What's the Quickest Way to Integrate this Formidable Vector Integral?

[fluxions]

Suppose $\vec{M}, \vec{P}$ are arbitrary, constant vectors, and $\hat{r}$ is the (unit) position vector in spherical polar coordinates.

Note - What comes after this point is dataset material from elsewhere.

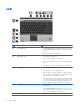 왼쪽면 부품 부품 (1) 설명 통풍구 통풍구를 통해 공기가 유입되어 내부 부품의 온도를 식혀줍니다. 주: 컴퓨터 팬은 자동으로 작동되어 내부 부품을 냉각하고 과열 을 방지합니다. 일상적인 작동 중 내부 팬이 돌아가고 멈추는 것은 정상적인 현상입니다. 12 2장 (2) USB 포트(2 개) 선택 사양인 USB 장치를 연결합니다. (3) 1394 포트 캠코더 같은 IEEE 1394 또는 1394a 장치(선택 사양)를 연결합니 다. (4) 오디오 입력(마이크) 잭 선택 사양인 컴퓨터 헤드셋 마이크, 스테레오 어레이 마이크 또는 모노 마이크를 연결합니다. (5) 오디오 출력(헤드폰) 잭 선택 사양인 전원 공급형 스테레오 스피커, 헤드폰, 이어폰, 헤드 셋 또는 TV 오디오에 연결된 경우 사운드를 생성합니다. (6) ExpressCard slot(ExpressCard 슬롯) ExpressCard(선택 사양)를 지원합니다.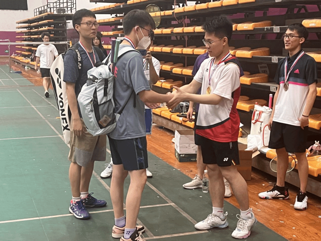 淘汰赛随机抽签,采取15分制,三局两胜,两两一组,胜者晋级决赛。经过激烈的淘汰赛阶段,最终角逐出三强,分别为钟梓良、李金卓与曾宇龙。在决赛开始前,李金卓同学因伤退赛,遗憾成为季军。最终,曾宇龙同学与钟梓良同学闯入决赛!决赛采取21分制,三局两胜。昔日队友在赛场相逢,两位种子选手都展现出了自己的韧性,精湛的球技让在场的观众们为之欢呼。在经过了激烈的对决后,曾宇龙选手最终拔得头筹,获得本次羽毛球比赛男单冠军,钟梓良同学获得男单亚军。

I need to integrate the vector function $\frac{1}{r^6}[\hat{r} \times ((\vec{P}\cdot \hat{r})\vec{M} - ((\vec{M} \cdot \hat{r})\vec{P})]$ over the entire exterior of the sphere of radius R centered at the origin of coordinates. In other words, I need to compute:

$$\int_{\phi = 0}^{2\pi} \int_{\theta = 0}^{\pi} \int_{r = R}^{\infty} \frac{1}{r^4}[\hat{r} \times ((\vec{P}\cdot \hat{r})\vec{M} - ((\vec{M} \cdot \hat{r})\vec{P})] sin\theta dr d\theta d \phi$$

I'm looking for a cute and clever way to do this, instead of the straightforward and tedious method. Any ideas or hints?

 

[fzero]

The slickest way to do this is to write

$$[r \times ((\vec{P}\cdot r)\vec{M} - ((\vec{M} \cdot r)\vec{P})]_i = \sum_{jklmn} \epsilon_{ijk} r_j r_l P_m M_n ( \delta_{lm}\delta_{kn} - \delta_{ln}\delta_{km} )$$

and write the $$r_i$$ in terms of spherical harmonics:

$$\frac{r_1}{r} = - \sqrt{\frac{2\pi}{3}} \left( Y_1^1 + Y_1^{-1} \right),$$

$$\frac{r_2}{r} = i \sqrt{\frac{2\pi}{3}} \left( Y_1^1 - Y_1^{-1} \right),$$

$$\frac{r_3}{r} = 2 \sqrt{\frac{\pi}{3}} Y_1^0 .$$

The angular integration is done using the orthogonality relations and gives you a matrix $$Q_{jl}$$ that you then have to sum over. Whether it saves that much work over brute force is to be determined.